The origin of the two festivals may well have been in a protective ceremony carried out by semi-nomadic shepherds before their annual migration from the desert towards the cultivated fringes. Celebrated in the Spring at full moon, it contains a rite, the smearing of blood of a lamb on the tent posts, which was probably designed to ward off demons of destruction or infertility. A lamb was roasted in nomadic fashion and eaten with desert food - unleavened bread with bitter herbs. (These came to feature in the Passover as symbols of the bitter years of slavery in Egypt.). The participants in the meal were ready to move at a moment's notice to defend the flock, sandals on feet, staff in hand. All of this is explicable without reference to the Exodus. 

The name of the Jewish festival, Pesach, is difficult to define, but it is linked with God's "passing over" the blood-smeared lintels of Hebrew homes and the fastened belts, sandaled feet, staff in hand are memorials of the haste with which the Hebrews left Egypt at God's command.  

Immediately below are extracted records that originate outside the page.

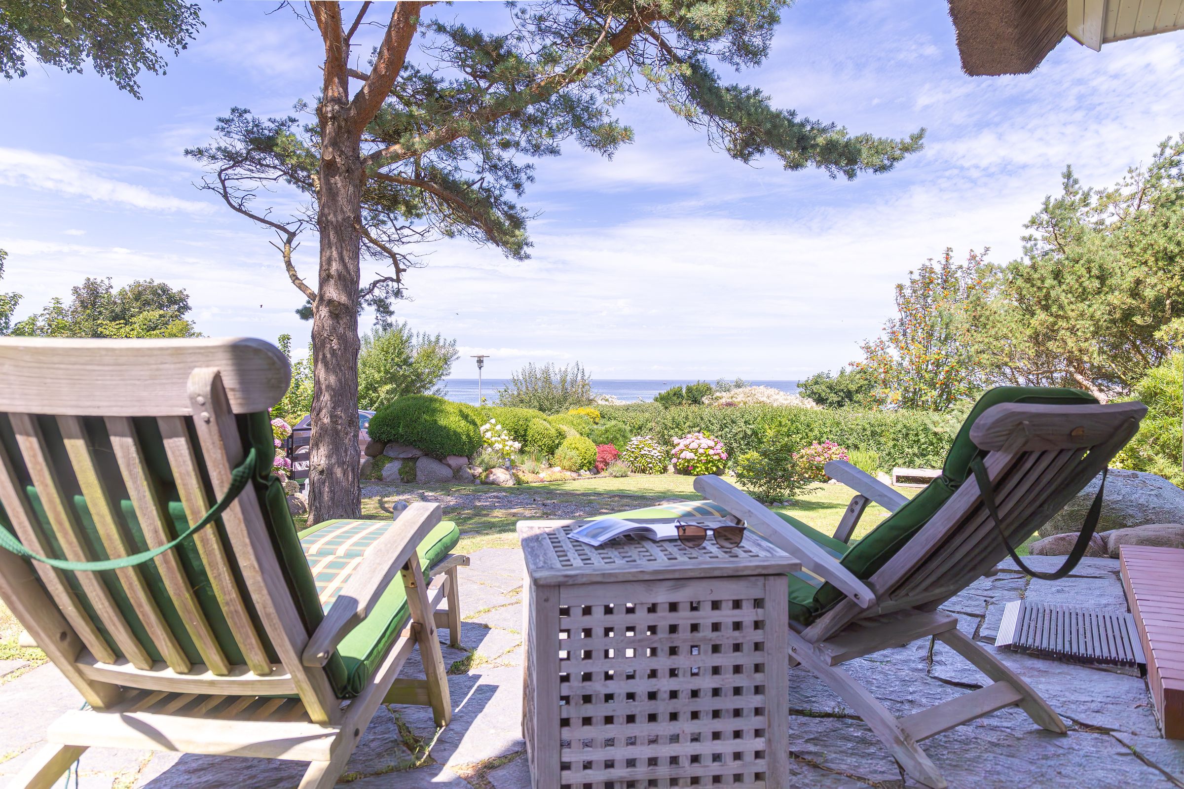 Das traumhafte Grundstück verfügt über zwei Terrassen mit Nord-West-Ausrichtung und mit Süd-West-Ausrichtung. Hier kannst du dich treiben lassen, entspannen und den Abend mit einem einzigartigen Blick auf die Ostsee ausklingen lassen. Dir steht 1 PKW-Stellplatz zur Verfügung.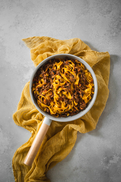 V největším hrnci, jaký doma najdete, přiveďte k varu vodu, přidejte 2 lžíce soli a počkejte 1 minutu. Po této době vložte čerstvé těstoviny a vařte na maximum asi 1,5–2 minuty. K ragú přemístěte hotové tagliatelle pomocí kleští i s trochou vody (díky škrobu z těstovin dodá voda omáčce lesk a lehce ji zahustí). Opatrně promíchejte, jen chvíli provařte a servírujte. Můžete si pomoci kuchařskou pinzetou/kleštěmi a naběračkou.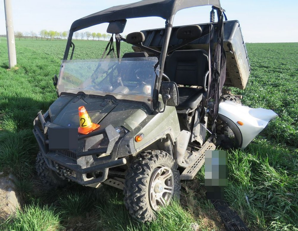 Osobní auto Opel Astra, které řídila dvacetiletá řidička, narazilo v křižovatce do čtyřkolky, na které jel dvaatřicetiletý muž. Po střetu skončila čtyřkolka mimo silnici, kde narazila do dvou dopravních značek a při nehodě došlo ke zranění řidiče čtyřkolky.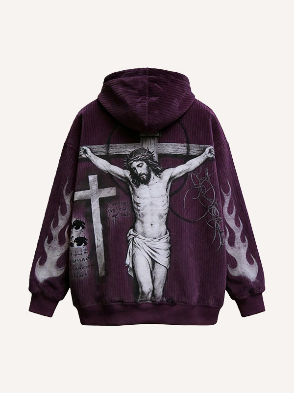 The effect is not necessarily that of a corduroy sweatshirt with a Virgin Mary print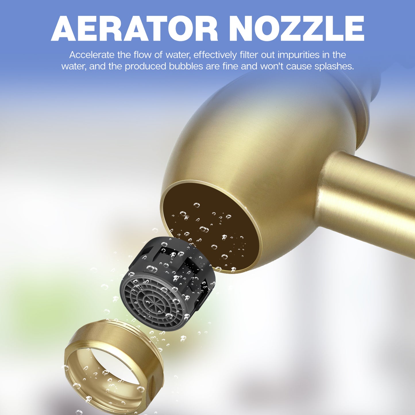 - Brushed Gold Kitchen Pot Faucet with Double Joint Swing Arms

The reason for keeping Passover and the instructions for its celebration are found in Exodus 12 and 13. In the beginning it was an observance in the family circle more than a pilgrimage festival as it had become in the time of Jesus. It came into community prominence towards the end of the time when the Israelites had kings and was linked to the barley harvest-time when the first cuttings and the first-born animals were presented at the sanctuary as a thanksgiving. The rest could then be taken for human use without arrogance. The week was marked by a ban on leaven (yeast) as though to avoid contaminating the new crop with the old. When the festival came to be interpreted as a commemoration of the Exodus the unleavened bread suggested the haste of the meal on Passover night. 

In the time of Jesus, pilgrims walked, travelled by ship, camel or donkey, often in caravan companies to avoid attack by brigands. The pilgrims came from all over the Mediterranean. Homes were searched for the remains of leavened bread or cakes and cleaned; animals were washed down; male Jews within a radius of fifteen miles of the temple were to appear at the Temple bringing a lamb for sacrifice. Temple worship continued throughout the week. (see June Magazine "The Temple"). 

During the Passover time all lodging in Jerusalem was free. The better class houses had two rooms. The one room was on top of the other and the upper room was reached by an outside stair. A very usual use of an upper room was that it was the place where a Rabbi met with his favoured disciples to talk things over with them and to open his heart to them. It was in such a room that Jesus and his disciples ate their last meal together. Jesus gave the elements of bread and wine in that meal a unique meaning - giving himself in the symbols of bread and wine to and for his friends, and through them, to all mankind.